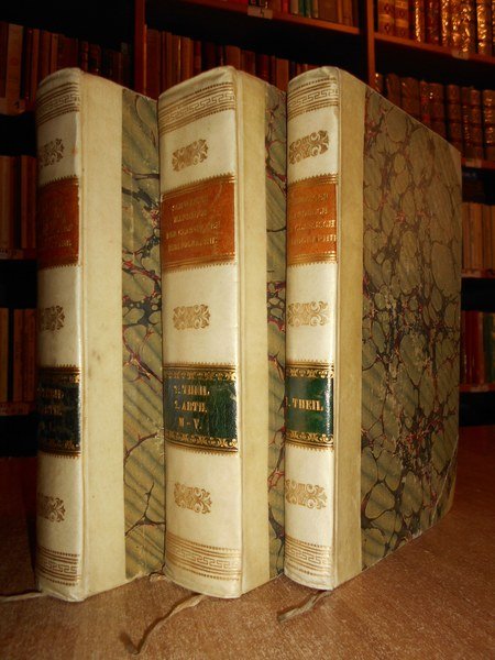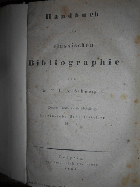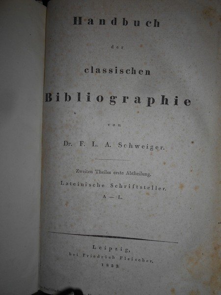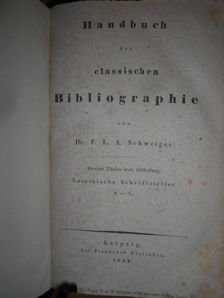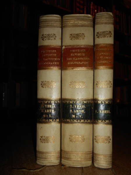 von F.L.A. Schweiger. Erster Theil Griechische Schriftsteller. Leipzig, bei Friedrich Fleischer, 1830 - 1832 - 1834. Handbuch der Calassischen BIBLIOGRAPHIE. 3 volumi in-8°, m. pergamena con angoli, dorsi con fregi e titoli in oro. I. (viii), 364 pp. - pp. 361-362 were never published. In its place there is an unnumbered leaf which should be appended to be preface. II. xii, 584 pp. III. Pp. (ii), 585-1350. Collated. Ottimo esemplare. Uff. E - II - 3
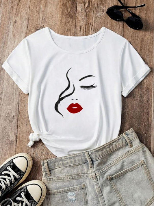 VaVaLuxe Portrait Printed Short Sleeve Oversized T-Shirt, Summer Casual Graphic Tees Women Tops
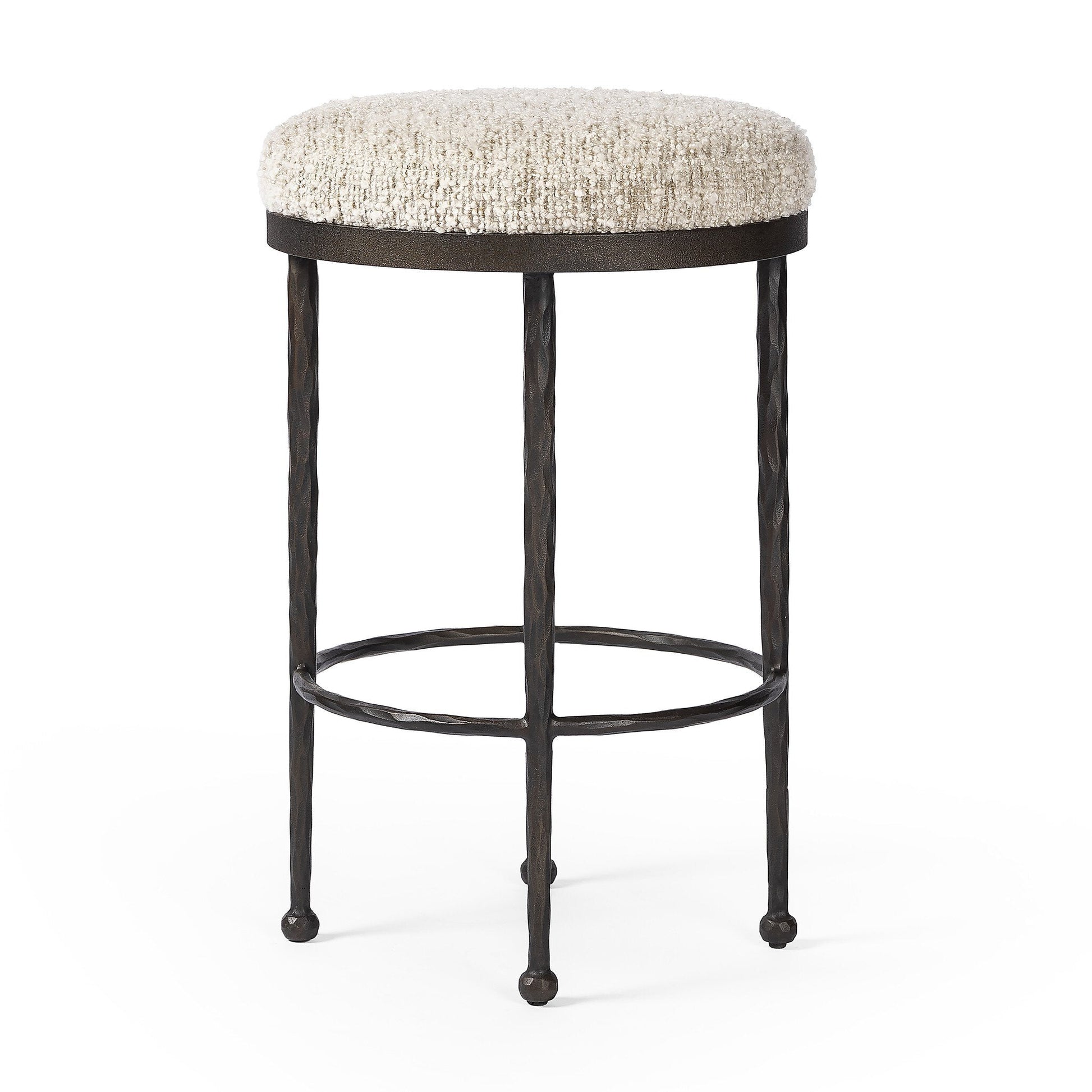 Add some character to your kitchen or bar with the Corinne Counter Stool. Featuring hammered bronze legs and ball-shaped foot details, this simply shaped stool is elevated and eye-catching. The round, cushioned seat adds comfort and is covered in a heavy boucle-like fabric for a clean and inviting finish.
================================
Directions |
An exact, picture-free copy of the listing above is the goal; write it out now.

Exercise result |
 von F.L.A. Schweiger. Erster Theil Griechische Schriftsteller. Leipzig, bei Friedrich Fleischer, 1830 - 1832 - 1834. Handbuch der Calassischen BIBLIOGRAPHIE. 3 volumi in-8°, m. pergamena con angoli, dorsi con fregi e titoli in oro. I. (viii), 364 pp. - pp. 361-362 were never published. In its place there is an unnumbered leaf which should be appended to be preface. II. xii, 584 pp. III. Pp. (ii), 585-1350. Collated. Ottimo esemplare. Uff. E - II - 3
 VaVaLuxe Portrait Printed Short Sleeve Oversized T-Shirt, Summer Casual Graphic Tees Women Tops
 Add some character to your kitchen or bar with the Corinne Counter Stool. Featuring hammered bronze legs and ball-shaped foot details, this simply shaped stool is elevated and eye-catching. The round, cushioned seat adds comfort and is covered in a heavy boucle-like fabric for a clean and inviting finish.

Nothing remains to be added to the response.